Prime Minister Stephen Harper called Alward on Monday night after the Tory government was projected.
"The people of New Brunswick have chosen the Progressive Conservative Party, led by David Alward, to form their provincial government. I congratulate Mr. Alward on his victory and I am confident that we will work closely together on many fronts for the well-being of New Brunswickers and all Canadians," Harper said in a statement released by his office.
Harper's statement also reached out to the defeated Liberal leader.
"On behalf of all Canadians, I thank Shawn Graham for his accomplishments for the people of New Brunswick in the past four years, and for helping to build a stronger Canada," Harper's statement said.
The Tories have also triumphed over a series of Liberal cabinet ministers.
Saint John and its suburban ridings voted heavily Liberal in 2006 but they reverted back to the Tories in 2010.

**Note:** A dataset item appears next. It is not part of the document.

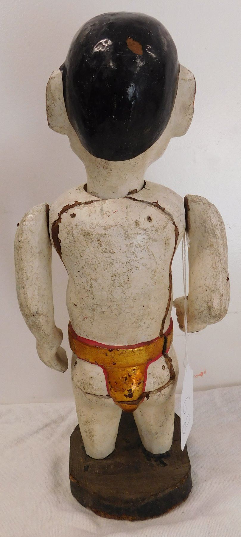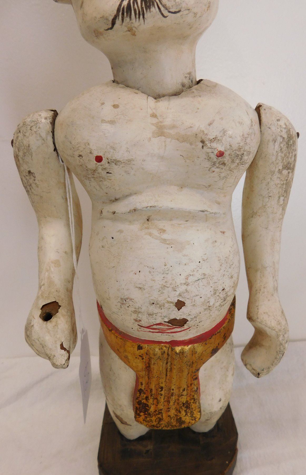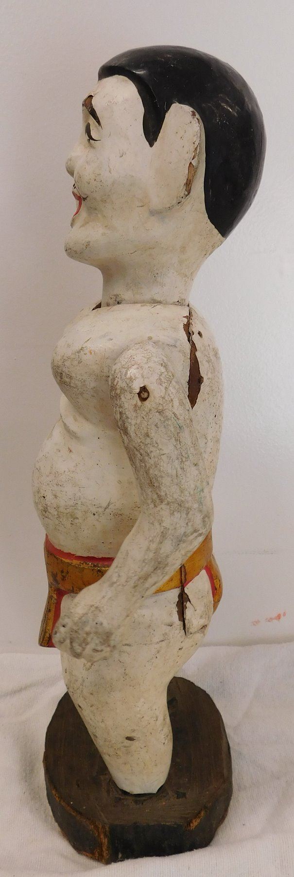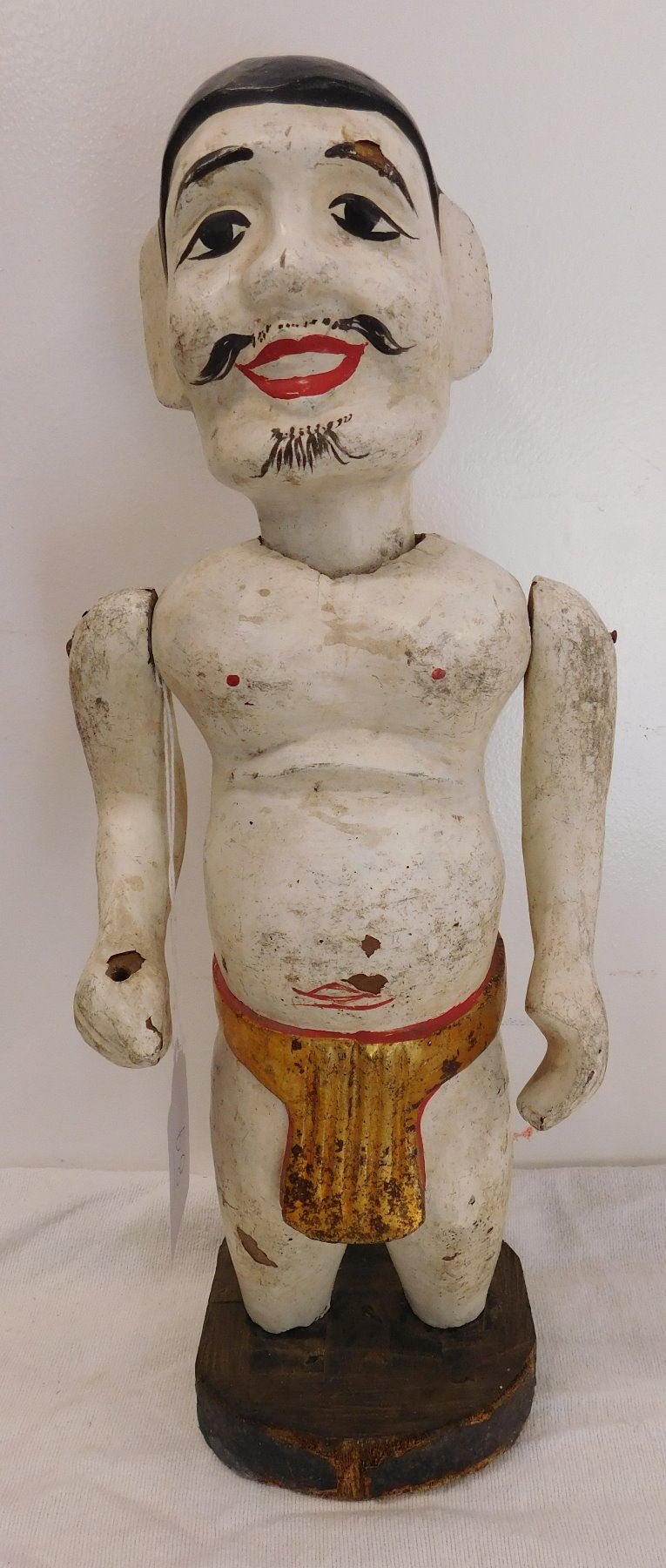 Chinese Figure w/Articulating Arms, circa 1930s. Made of wood and paint, the item measures 7" x 4.75" x 18" tall. China. Arms move at the shoulders. Condition: Some wear and paint loss, see images. Shipping: $35.00 w/insurance and signature, due to size.

Liberal Jack Keir, the province's energy minister, has been defeated by PC Dr. Jim Parrott, a former heart surgeon, in the riding of Fundy-River Valley.
Keir was the public face of the botched NB Power deal with Hydro-Québec. He was running in a seat that has traditionally been a Tory riding. He won the seat narrowly in 2006.
Liberal Mary Schryer, the province's health minister, lost in her riding of Quispamsis.
As well, Roy Boudreau, who was the legislature's Speaker, has been defeated in Campbellton-Restigouche Centre by Tory Greg Davis.
The Liberals were able to pick up one seat from the Tories.
Roger Melanson won the riding of Dieppe Centre-Lewisville, a riding that had voted for the Tories in each of the last three elections. The incumbent decided not to reoffer in this campaign.
The Liberals were able to cling to several of their traditional strongholds.
Liberal Victor Boudreau is re-elected in the southeastern riding of Shediac-Cap-Pelé.
Donald Arseneault has also been re-elected in his northern riding of Dalhousie-Restigouche East. Arseneault had been deputy premier and a senior cabinet member in the Graham government.
The Liberals have also kept a firm grip on several northern ridings, including seats held by cabinet ministers in Nigadoo-Chaleur, Caraquet and Centre-Peninsule-Saint-Sauveur.
Brian Kenny clung onto the northern riding of Bathurst for the third straight election against Tory Nancy McKay.
With all of the polls reporting, Kenny defeated McKay by 75 votes. He beat McKay by 187 votes in 2006 and 94 votes in 2003.
Other parties shut out
Although New Brunswick voters could have cast ballots for candidates representing five parties, only the Tories and Liberals elected members.
NDP Leader Roger Duguay failed in his attempt to win the northeastern riding of Tracadie-Sheila. Duguay came in second behind PC Claude Landry.
Green Leader Jack MacDougall came in a distant third in Fredericton-Nashwaaksis.
And People's Alliance Leader Kris Austin finished a close third in his central New Brunswick riding of Grand Lake-Gagetown.
He pulled 19 per cent of the vote compared to 45 per cent for PC Ross Wetmore and 29 per cent for Liberal Barry Armstrong.
The three other parties combined to pull roughly 15 per cent of the vote.
The NDP is projected to finish with 10 per cent of the vote up from five per cent in 2006.
The Green Party garnered 4.5 per cent of the vote in its first provincial campaign.
And only a few months after becoming an official party, the People's Alliance won one per cent of the vote.